All of lore.kernel.org
 help / color / mirror / Atom feed
From: Oliver Hartkopp <socketcan@hartkopp.net>
To: Marc Kleine-Budde <mkl@pengutronix.de>, dariobin@libero.it
Cc: Jacob Kroon <jacob.kroon@gmail.com>,
	linux-can@vger.kernel.org, wg@grandegger.com
Subject: Re: CM-ITC, pch_can/c_can_pci, sendto() returning ENOBUFS
Date: Wed, 21 Sep 2022 11:55:59 +0200	[thread overview]
Message-ID: <fb1f38e6-c95c-5847-2ebf-16fd8bc2db94@hartkopp.net> (raw)

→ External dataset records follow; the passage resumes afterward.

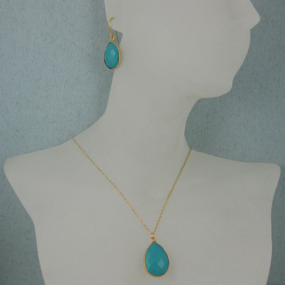 Bezel Gemstone Tear Pendant Necklace & Earrings - Gold Plated - Turquoise (16-24")
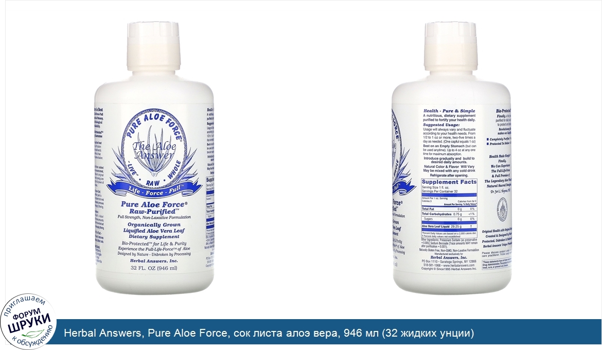 Herbal Answers, Pure Aloe Force, сок листа алоэ вера, 946 мл (32 жидких унции)
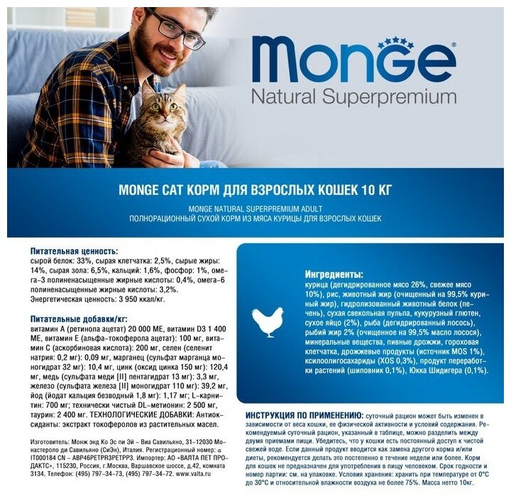 Сухой корм Monge Cat для для взрослых кошек, 10 кг. 1584876 интересное:

In-Reply-To: <20220921074741.admuodnlv4yexfwr@pengutronix.de>



On 21.09.22 09:47, Marc Kleine-Budde wrote:
> On 21.09.2022 09:25:41, dariobin@libero.it wrote:
>>> On 9/16/22 06:14, Jacob Kroon wrote:
>>> ...> What I do know is that if I revert commit:
>>>>
>>>> "can: c_can: cache frames to operate as a true FIFO"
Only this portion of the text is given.